Directions
Among the lines of the listing below, retype exactly those from the one containing "ŠIMON PIKOUS - ZE SOUBORU NOVÉ HORIZONTY" through the one containing "Línea 45, Mercedes", both included. Do not include pictures.

Extracted entries
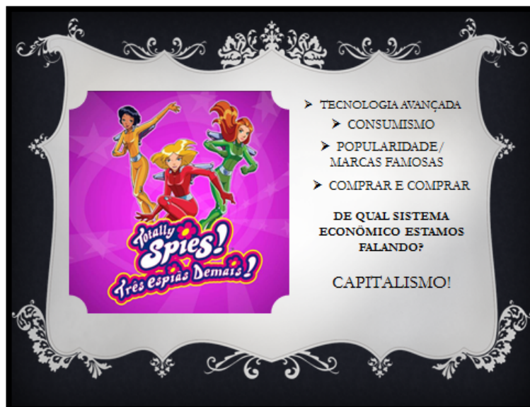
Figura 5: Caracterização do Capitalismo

---

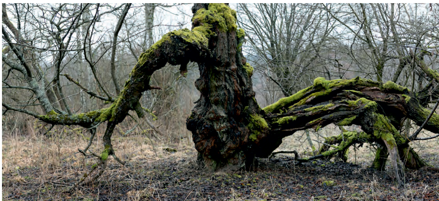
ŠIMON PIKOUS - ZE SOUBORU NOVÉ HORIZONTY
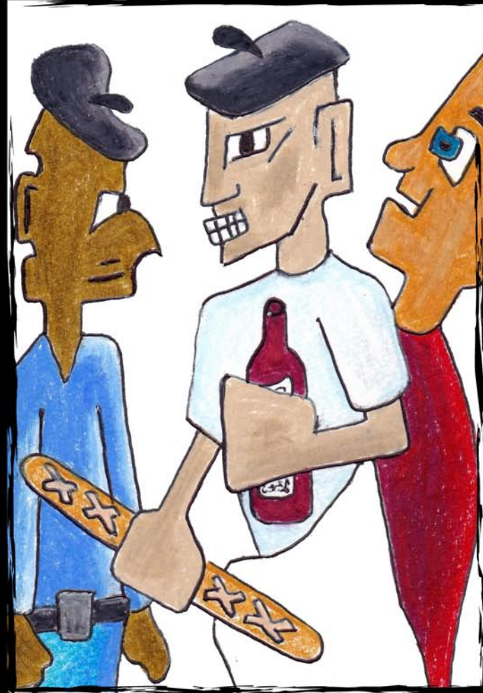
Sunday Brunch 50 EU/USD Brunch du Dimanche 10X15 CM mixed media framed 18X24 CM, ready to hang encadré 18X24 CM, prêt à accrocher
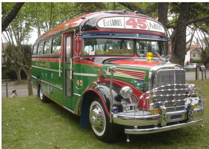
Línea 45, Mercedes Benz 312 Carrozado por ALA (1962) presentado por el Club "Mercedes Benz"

--

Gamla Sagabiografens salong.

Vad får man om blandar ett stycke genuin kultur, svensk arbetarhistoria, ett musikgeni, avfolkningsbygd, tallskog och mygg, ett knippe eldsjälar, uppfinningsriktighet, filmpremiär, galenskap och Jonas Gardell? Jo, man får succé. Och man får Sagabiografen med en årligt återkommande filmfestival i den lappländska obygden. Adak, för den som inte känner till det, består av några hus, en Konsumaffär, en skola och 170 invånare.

Reply to the task
ŠIMON PIKOUS - ZE SOUBORU NOVÉ HORIZONTY
Sunday Brunch 50 EU/USD Brunch du Dimanche 10X15 CM mixed media framed 18X24 CM, ready to hang encadré 18X24 CM, prêt à accrocher
Línea 45, Mercedes Benz 312 Carrozado por ALA (1962) presentado por el Club "Mercedes Benz"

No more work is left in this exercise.